(Task details): Restate word for word the lines below from the one that has "Eine Vintage, Retro-Look" through the one that has "Description: A close", keeping both and dropping all pictures.

(Records provided):
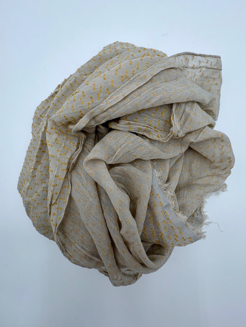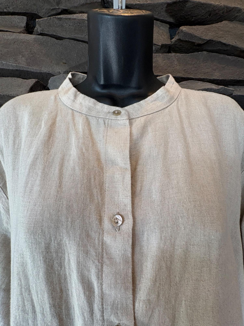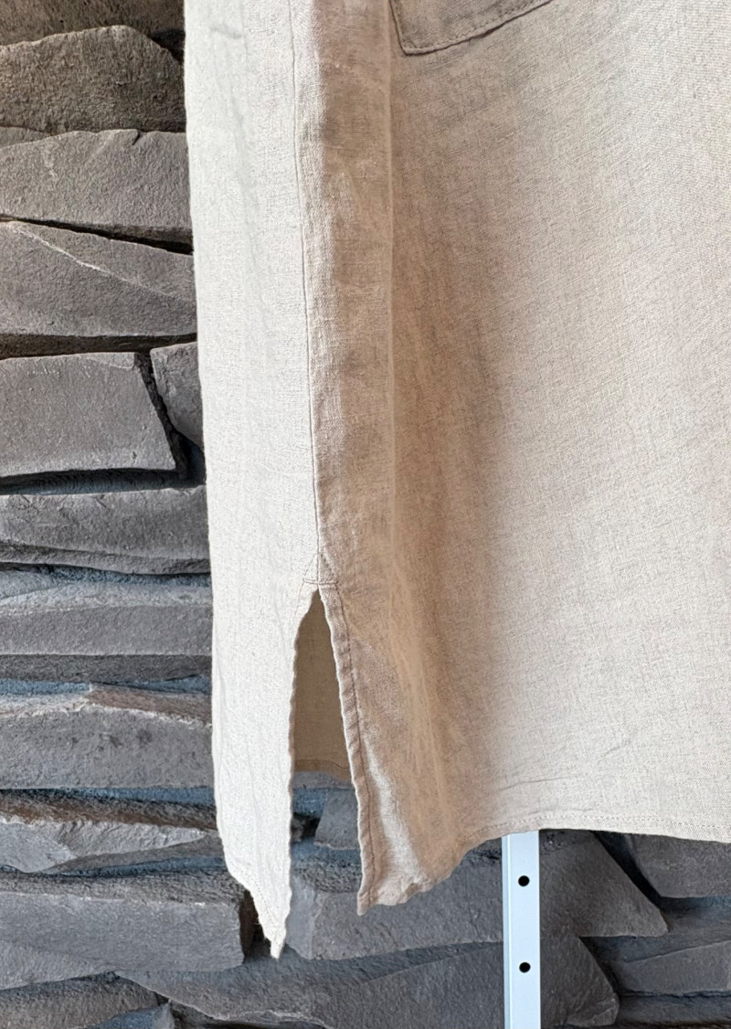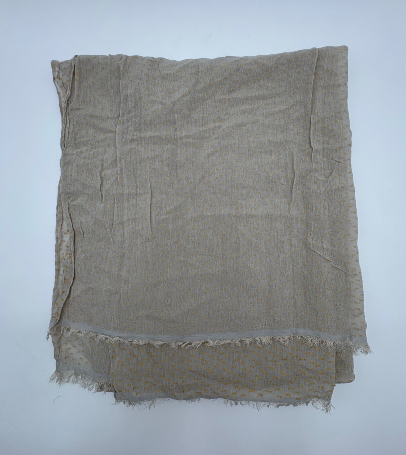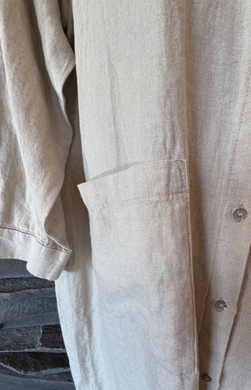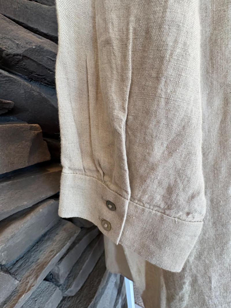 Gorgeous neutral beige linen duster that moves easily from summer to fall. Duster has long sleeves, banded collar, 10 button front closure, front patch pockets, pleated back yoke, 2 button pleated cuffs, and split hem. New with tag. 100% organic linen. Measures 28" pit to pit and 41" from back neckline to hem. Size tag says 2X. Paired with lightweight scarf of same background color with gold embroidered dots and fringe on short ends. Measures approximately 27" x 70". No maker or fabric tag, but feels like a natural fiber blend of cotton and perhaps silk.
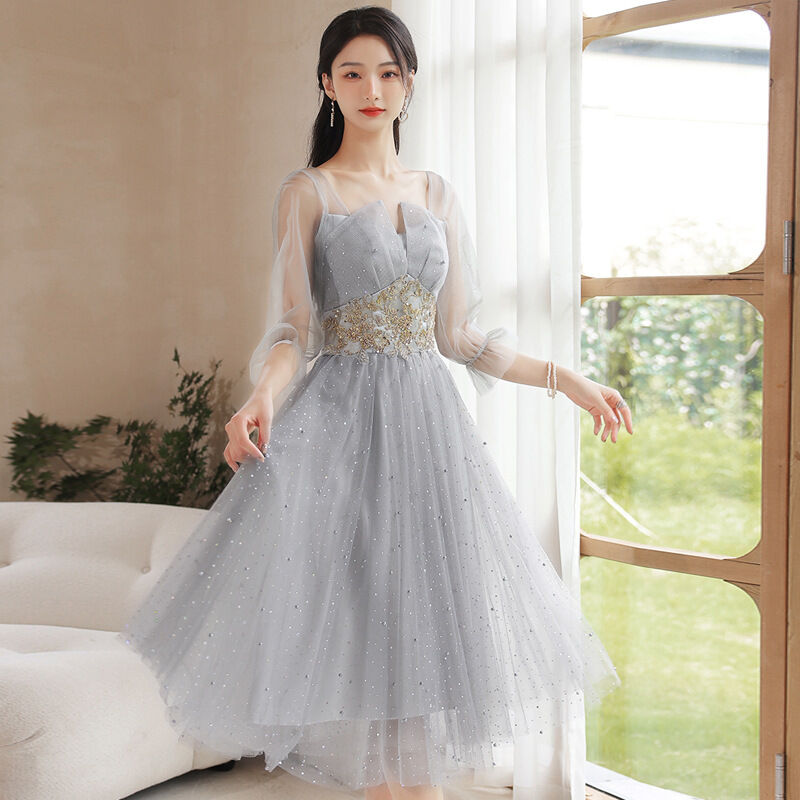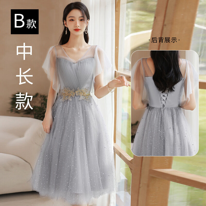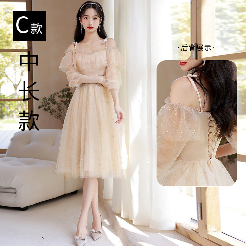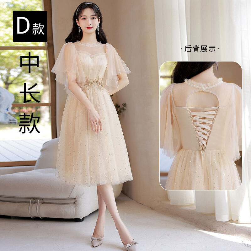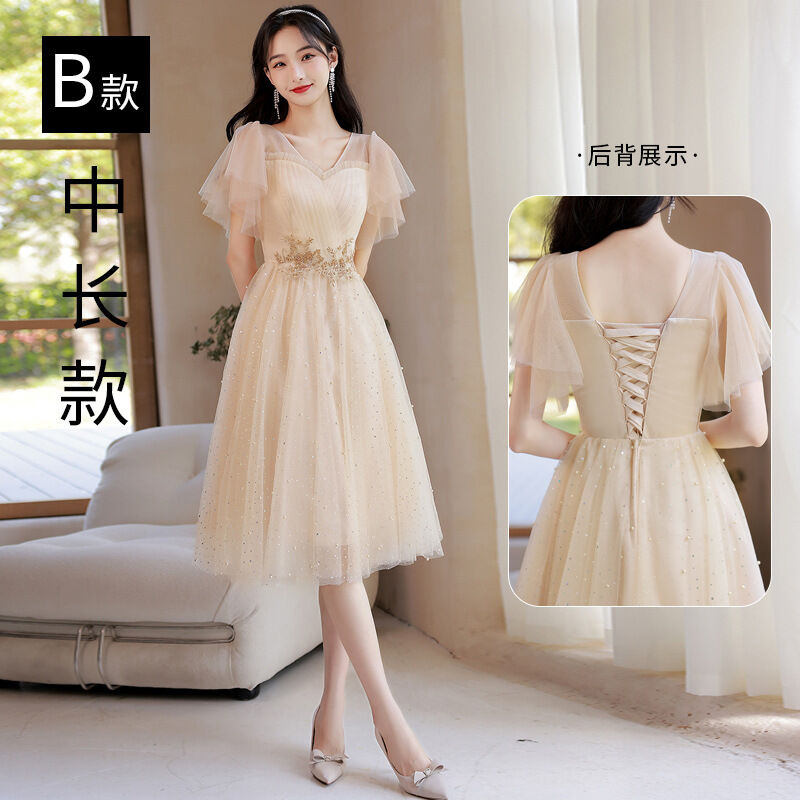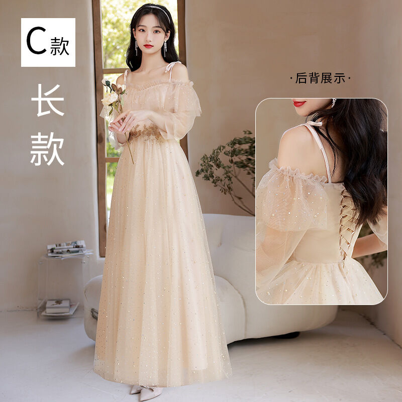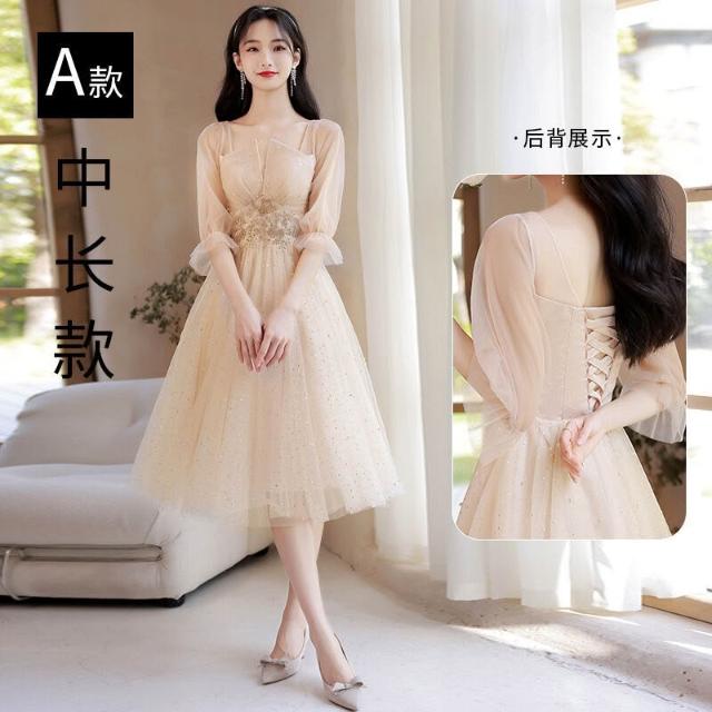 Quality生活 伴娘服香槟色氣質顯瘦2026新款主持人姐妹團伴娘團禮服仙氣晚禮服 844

* * *

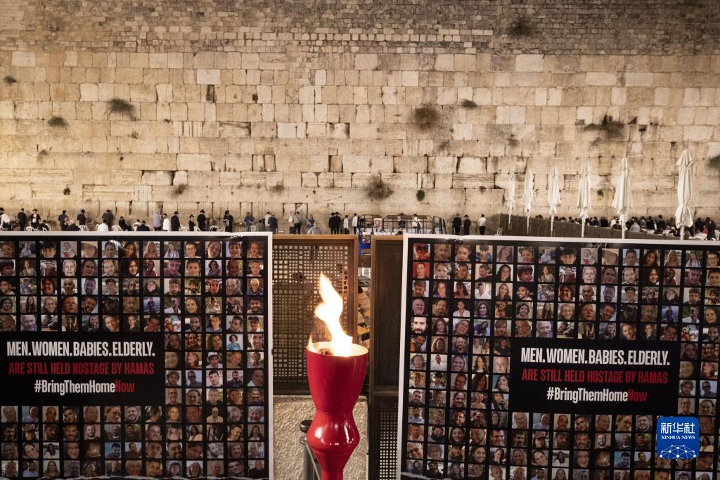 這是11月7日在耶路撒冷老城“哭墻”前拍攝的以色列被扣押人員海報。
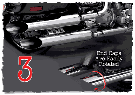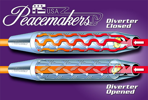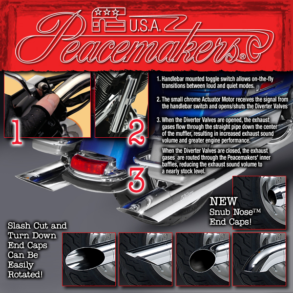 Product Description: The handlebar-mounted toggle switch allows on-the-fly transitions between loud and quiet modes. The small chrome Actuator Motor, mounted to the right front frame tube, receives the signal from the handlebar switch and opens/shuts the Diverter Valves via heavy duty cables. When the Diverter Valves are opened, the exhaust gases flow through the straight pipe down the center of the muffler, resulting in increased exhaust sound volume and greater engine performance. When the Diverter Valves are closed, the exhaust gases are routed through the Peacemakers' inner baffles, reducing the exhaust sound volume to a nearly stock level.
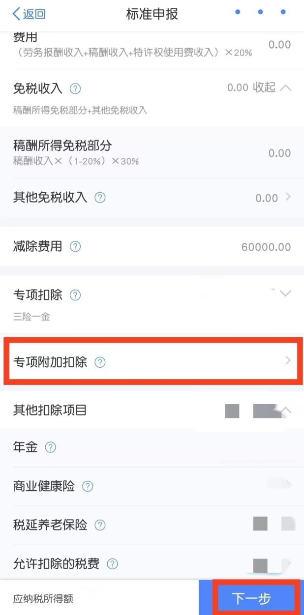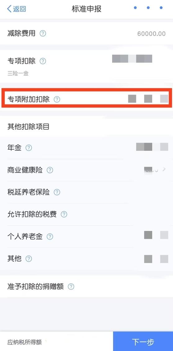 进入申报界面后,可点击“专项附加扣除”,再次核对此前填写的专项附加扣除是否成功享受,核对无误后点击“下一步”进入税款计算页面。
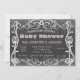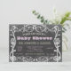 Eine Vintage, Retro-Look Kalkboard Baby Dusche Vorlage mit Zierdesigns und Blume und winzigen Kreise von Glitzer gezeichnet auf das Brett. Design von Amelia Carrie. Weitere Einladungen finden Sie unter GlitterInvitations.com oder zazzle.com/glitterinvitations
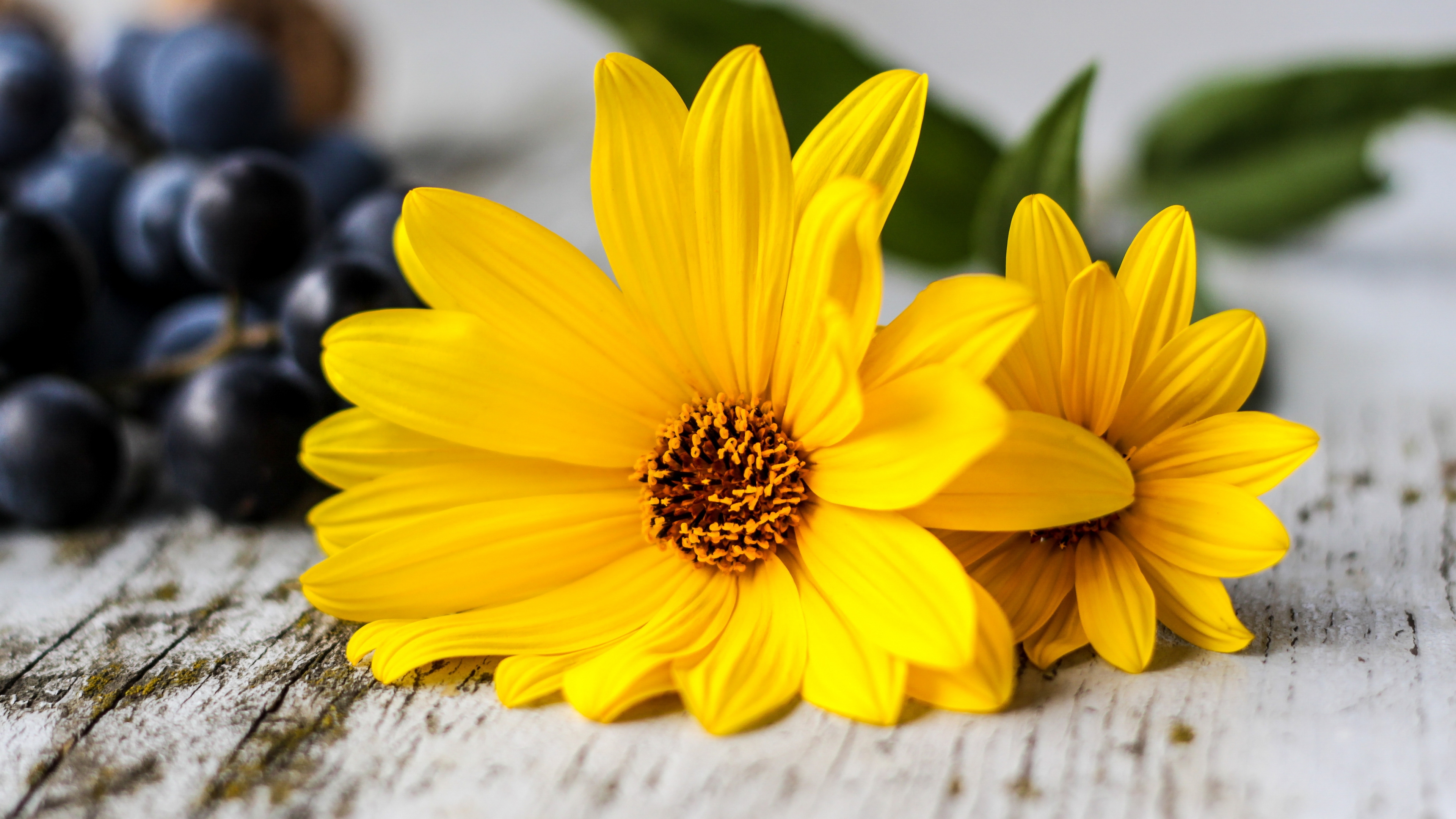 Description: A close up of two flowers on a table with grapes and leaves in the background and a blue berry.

(Result of this exercise):
 Eine Vintage, Retro-Look Kalkboard Baby Dusche Vorlage mit Zierdesigns und Blume und winzigen Kreise von Glitzer gezeichnet auf das Brett. Design von Amelia Carrie. Weitere Einladungen finden Sie unter GlitterInvitations.com oder zazzle.com/glitterinvitations
 Description: A close up of two flowers on a table with grapes and leaves in the background and a blue berry.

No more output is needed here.